• Dataset content:
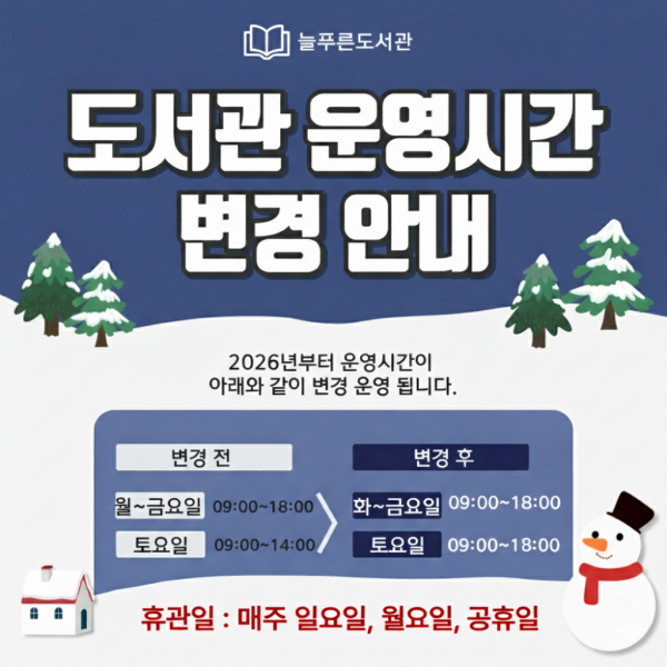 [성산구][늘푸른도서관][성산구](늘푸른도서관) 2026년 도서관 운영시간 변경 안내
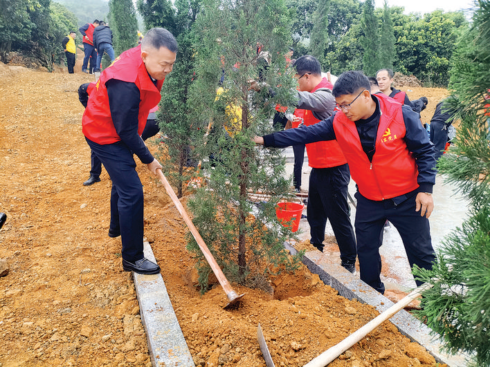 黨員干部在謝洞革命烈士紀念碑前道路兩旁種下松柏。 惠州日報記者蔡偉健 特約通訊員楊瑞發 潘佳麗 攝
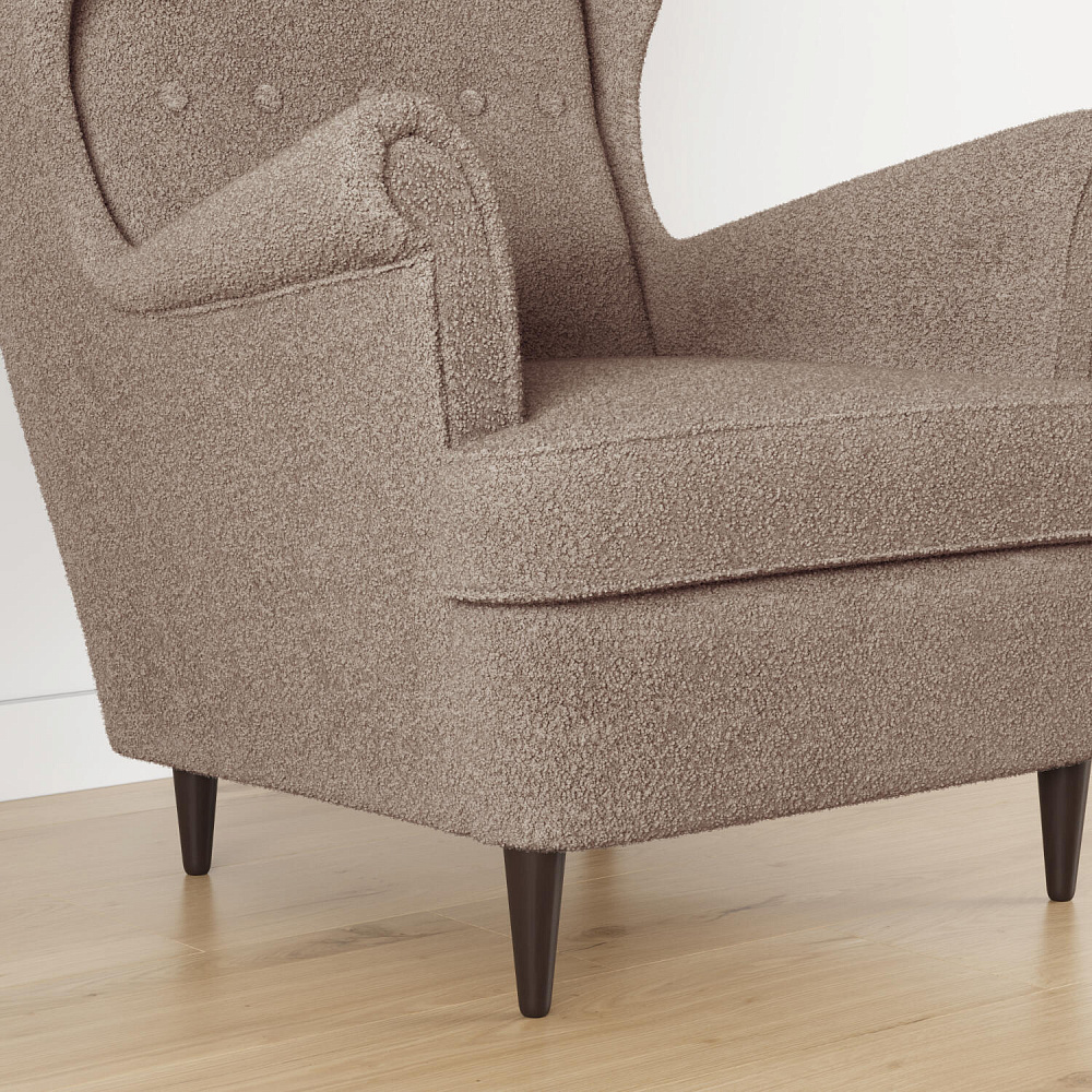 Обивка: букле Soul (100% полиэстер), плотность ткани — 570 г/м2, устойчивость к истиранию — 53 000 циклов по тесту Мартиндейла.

• Action item: Every line above should be transcribed exactly, though no image should be carried over.

• Exercise answer:
 [성산구][늘푸른도서관][성산구](늘푸른도서관) 2026년 도서관 운영시간 변경 안내
 黨員干部在謝洞革命烈士紀念碑前道路兩旁種下松柏。 惠州日報記者蔡偉健 特約通訊員楊瑞發 潘佳麗 攝
 Обивка: букле Soul (100% полиэстер), плотность ткани — 570 г/м2, устойчивость к истиранию — 53 000 циклов по тесту Мартиндейла.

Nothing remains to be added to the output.